En tant que président du C3D, quelle est votre réaction face à la forte baisse des ambitions de la directive ?

En tant que président du C3D, et donc en tant que représentant des membres de l’association, nous sommes déçus de la révision à la baisse des ambitions de la directive CSDDD. Mais soyons déjà satisfaits qu’elle ait finalement été adoptée malgré les pressions de ceux qui veulent tirer toujours plus vers le bas les mesures pour la durabilité de l’économie. Au C3D, nous voyons cette directive comme une assurance-vie car les pressions des parties prenantes vont s’amplifier au fur est à mesure des effets de l’emballement climatique, continuer de ne rien faire s’assimilerait à un suicide collectif.

Comment expliquez-vous un tel recul, alors qu’un accord avait été trouvé en décembre ?

Le recul est dû à l’effet combiné d’un lobbying passéiste et du sentiment de devoir digérer en peu de temps des exigences complexes de la part d’entreprises souvent mal préparées. L’enchainement Taxonomie, CSRD et CSDDD a eu un effet repoussoir que l’on peut comprendre. Il aurait fallu anticiper et lisser sur une plus longue période la sortie de ces normes, mais maintenant avec l’explosion de 6 des 9 limites planétaires, nous ne pouvons plus attendre avant d’agir.

La CSDDD requiert une traçabilité dans la vigilance à exercer sur les fournisseurs directs, alors que le texte initial mentionnait l’ensemble de la chaine des fournisseurs ou encore les partenaires commerciaux indirects. Dans les faits, peu d’entreprises disposent des dispositifs adéquats pour évaluer ne serait-ce que leurs fournisseurs de rang 1. La mise à niveau va être longue et coûteuse, mais c’est le prix à payer pour éviter un coût encore bien plus important si nous continuons à produire de la valeur économique en détruisant la valeur écologique et sociale.

Que pensez-vous de la reculade de la France qui alors qu’elle était un soutien majeur du texte a demandé à la dernière minute de réduire le champ d’application du texte aux entreprises de plus de 1 000 employés (500 sur le texte original) ?

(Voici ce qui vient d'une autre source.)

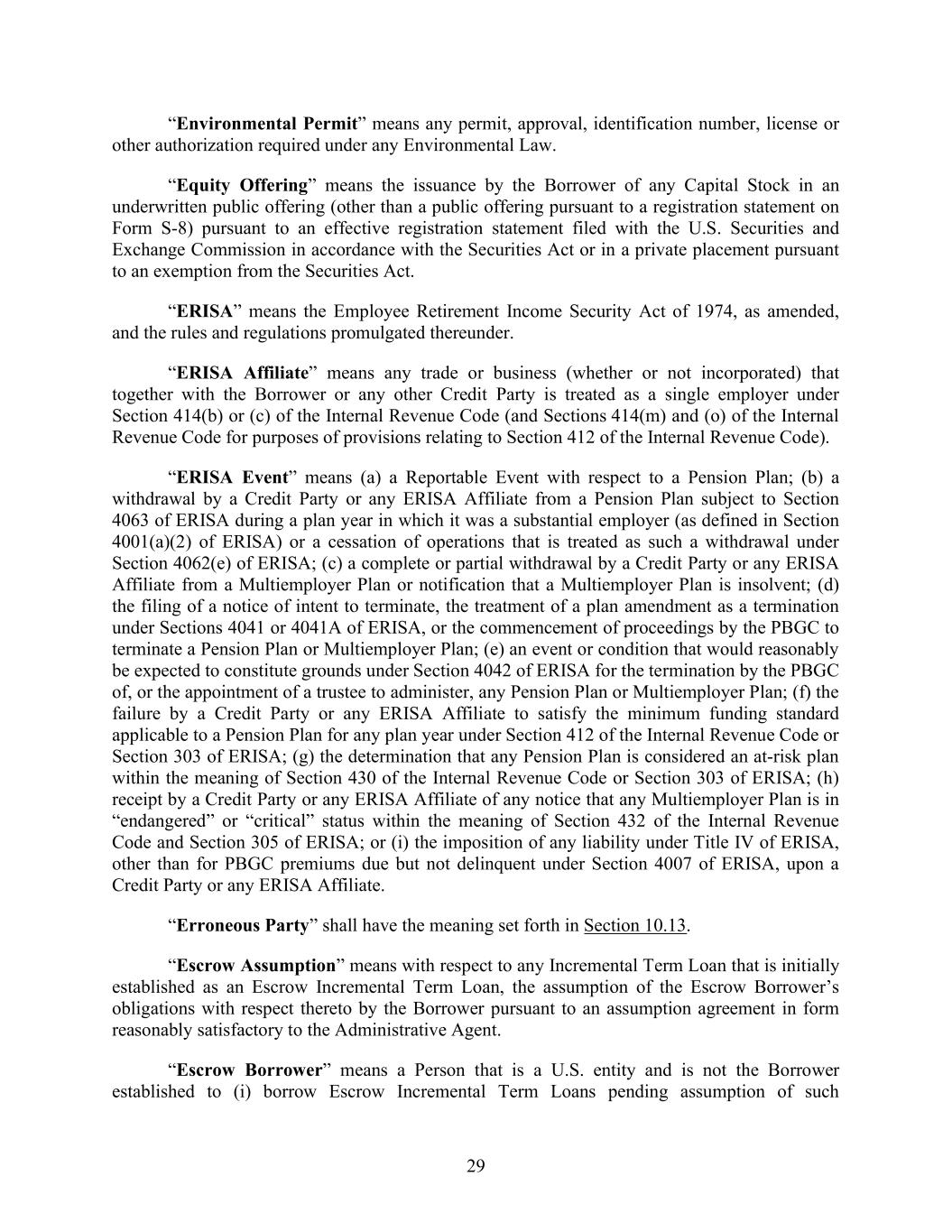 29 “Environmental Permit” means any permit, approval, identification number, license or other authorization required under any Environmental Law. “Equity Offering” means the issuance by the Borrower of any Capital Stock in an underwritten public offering (other than a public offering pursuant to a registration statement on Form S-8) pursuant to an effective registration statement filed with the U.S. Securities and Exchange Commission in accordance with the Securities Act or in a private placement pursuant to an exemption from the Securities Act. “ERISA” means the Employee Retirement Income Security Act of 1974, as amended, and the rules and regulations promulgated thereunder. “ERISA Affiliate” means any trade or business (whether or not incorporated) that together with the Borrower or any other Credit Party is treated as a single employer under Section 414(b) or (c) of the Internal Revenue Code (and Sections 414(m) and (o) of the Internal Revenue Code for purposes of provisions relating to Section 412 of the Internal Revenue Code). “ERISA Event” means (a) a Reportable Event with respect to a Pension Plan; (b) a withdrawal by a Credit Party or any ERISA Affiliate from a Pension Plan subject to Section 4063 of ERISA during a plan year in which it was a substantial employer (as defined in Section 4001(a)(2) of ERISA) or a cessation of operations that is treated as such a withdrawal under Section 4062(e) of ERISA; (c) a complete or partial withdrawal by a Credit Party or any ERISA Affiliate from a Multiemployer Plan or notification that a Multiemployer Plan is insolvent; (d) the filing of a notice of intent to terminate, the treatment of a plan amendment as a termination under Sections 4041 or 4041A of ERISA, or the commencement of proceedings by the PBGC to terminate a Pension Plan or Multiemployer Plan; (e) an event or condition that would reasonably be expected to constitute grounds under Section 4042 of ERISA for the termination by the PBGC of, or the appointment of a trustee to administer, any Pension Plan or Multiemployer Plan; (f) the failure by a Credit Party or any ERISA Affiliate to satisfy the minimum funding standard applicable to a Pension Plan for any plan year under Section 412 of the Internal Revenue Code or Section 303 of ERISA; (g) the determination that any Pension Plan is considered an at-risk plan within the meaning of Section 430 of the Internal Revenue Code or Section 303 of ERISA; (h) receipt by a Credit Party or any ERISA Affiliate of any notice that any Multiemployer Plan is in “endangered” or “critical” status within the meaning of Section 432 of the Internal Revenue Code and Section 305 of ERISA; or (i) the imposition of any liability under Title IV of ERISA, other than for PBGC premiums due but not delinquent under Section 4007 of ERISA, upon a Credit Party or any ERISA Affiliate. “Erroneous Party” shall have the meaning set forth in Section 10.13. “Escrow Assumption” means with respect to any Incremental Term Loan that is initially established as an Escrow Incremental Term Loan, the assumption of the Escrow Borrower’s obligations with respect thereto by the Borrower pursuant to an assumption agreement in form reasonably satisfactory to the Administrative Agent. “Escrow Borrower” means a Person that is a U.S. entity and is not the Borrower established to (i) borrow Escrow Incremental Term Loans pending assumption of such

La position de la France est incompréhensible !  Nous avons été pionniers en Europe avec notre loi le devoir de vigilance et nombre de nos grandes entreprises ont déjà mis en œuvre des pratiques compatibles avec l’essentiel des exigences de la CSDDD. Cela nous donne un avantage certain en Europe et même dans le monde, car tôt ou tard, aucune entreprise ne pourra continuer d’être profitable sans exercer pleinement sa responsabilité sociétale en symbiose avec ses partenaires, la CSDDD sert à cela. La France aurait dû défendre ce texte comme l’ont fait les Italiens et aider ses entreprises de tailles intermédiaires à répondre à ces nouvelles exigences. Au C3D, nous allons accompagner nos membres, car ce texte n’est pas qu’une question de RSE c’est un enjeu de dignité.

Quel impact direct pensez-vous que cette CSDDD réduite aura-t-elle ?

C’est trop tôt pour se prononcer, l’essentiel du recul concerne la réduction du champ d’application de la loi car seules les entreprises de plus de 1 000 salariés seront finalement concernées au lieu de 500 dans le texte initial. C’est dommageable, mais les petites entreprises vont subir les exigences de leur donneur d’ordre, donc in fine toutes les entreprises finiront par être concernées directement ou indirectement. Par ailleurs, en première lecture le texte de loi proposait d’instaurer un devoir de vigilance obligatoire pour toutes les entreprises opérant dans les secteurs considérés comme les plus risqués, notamment le textile, l’agriculture, les activités minières et le secteur de la construction. Cette approche sectorielle a été supprimée, mais dans les faits ces entreprises subiront là aussi les pressions de leur donneur d’ordre. Avoir supprimé cette obligation de vigilance ne changera finalement pas grand-chose lorsque ces entreprises interviendront en tant que sous-traitants ou fournisseurs directs. Elles devront rendre des comptes sur leurs pratiques d’achats et leur trajectoire de décarbonation.